Some believe that TIPPB with advanced biplane-transrectal
ultrasonography, perineal guidance systems, treatment planning
computers, and postimplant CT scanning has enhanced our ability to
perform an “adequate” implant. As such, permanent
brachytherapy yields associated biochemical control rates that are
comparable to those of radical prostatectomy or high-dose
three-dimensional external-beam irradiation in appropriately selected
patients. However, an American Brachytherapy Society review of the
practices of physicians who perform prostate brachytherapy uncovered
tremendous variation in indications, technique, treatment regimens,
and dosimetry.[4]

The main areas of controversy include the selection of patients for
monotherapy or combined therapy with external-beam irradiation, the
role of neoadjuvant androgen deprivation, the selection of 125I
or 103Pd, the type of preimplant planning and technique,
and the type and timing of postimplant dosimetry.

Despite these controversies, several published studies have assessed
outcomes following TIPPB at institutions reporting biochemical
control rates (Table 1). According
to these studies, 4- to 10-year biochemical control rates range from
63% to 92%.[1,2,18-26] Because of differences among the studies with
respect to patient characteristics, median follow-up, and the methods
of defining outcomes, a meta-analysis of these data cannot be performed.

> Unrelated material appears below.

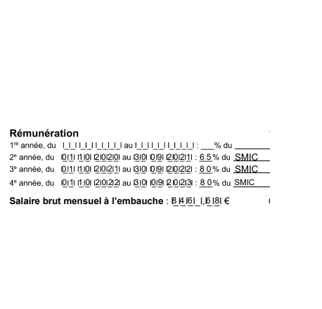 Yo les khey,j'ai signé mon contrat et c'est indiqué : "Rémunération : 65% du SMIC" , "Salaire brut a l'embauche : 846,68€"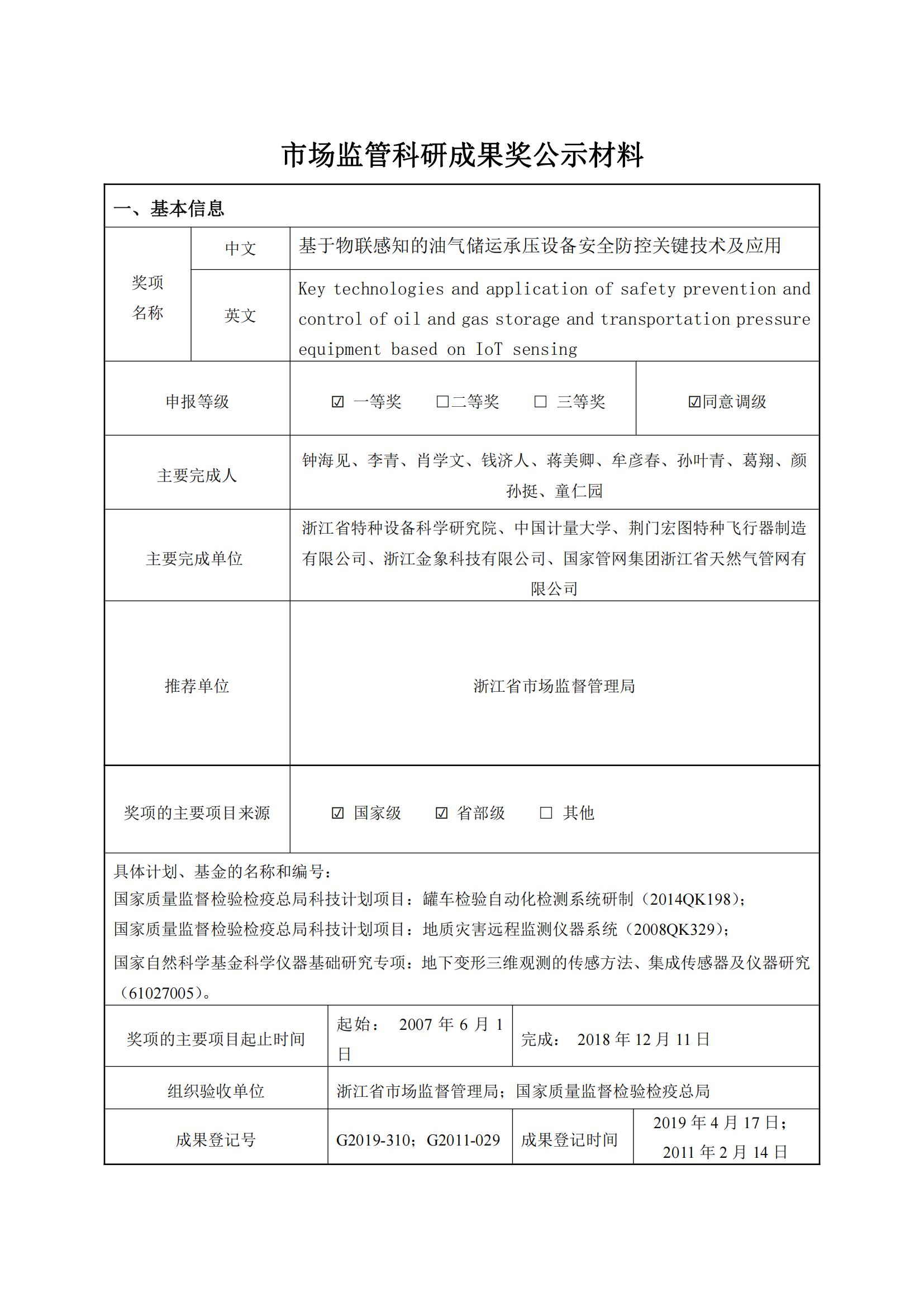 市場監(jiān)管科研成果獎公示材料-基于物聯(lián)感知的油氣儲運承壓設(shè)備安全防控關(guān)鍵技術(shù)及應(yīng)用

Potters et al reported risk-profile outcomes of a cohort of 717
patients treated with TIPPB. Patients were grouped based on a
pretreatment PSA £ 10 ng/mL and
Gleason score £ 6.[22] Patients who
met both criteria were classified as a favorable-risk group (N = 303)
and had a 93% 5-year PSA relapse-free survival rate (ASTRO
definition[6]; see Figure 1).
Individuals who fulfilled one criterion were considered at
intermediate risk (N = 268), with a 5-year PSA relapse-free survival
of 77%. Those who did not satisfy either criterion were classified as
unfavorable risk (N = 146) and had a 62% 5-year PSA relapse-free
survival rate.

Using identical risk definitions and a modification of the ASTRO
definition of PSA relapse-free survival (two consecutive rises),
Blasko et al reported outcomes in 230 patients treated with 103Pd
monotherapy.[1] Favorable-risk patients had a 94% 5-year PSA
relapse-free survival rate, while the intermediate- and
unfavorable-risk patients had PSA relapse-free survival rates of 82%
and 65%, respectively (P = .04; see Table
2
).

Prestidge et al have reported that biochemical control rates
correlate with postbrachytherapy biopsy rates. Their data indicate a
close correlation between PSA control and biopsy results, with 80% of
biopsied patients having a negative result.[27] However, the
significance of a negative or positive postimplant biopsy result
remains controversial.

Currently, a multi-institutional trial is underway, with strict
reporting methodology, to assess TIPPB in early-stage prostate
cancer. In addition, the Radiation Therapy Oncology Group (RTOG) is
conducting a feasibility trial of this modality, also with strict
quality control parameters. Until prospective data become available,
variations in treatment techniques for TIPPB will appear in the literature.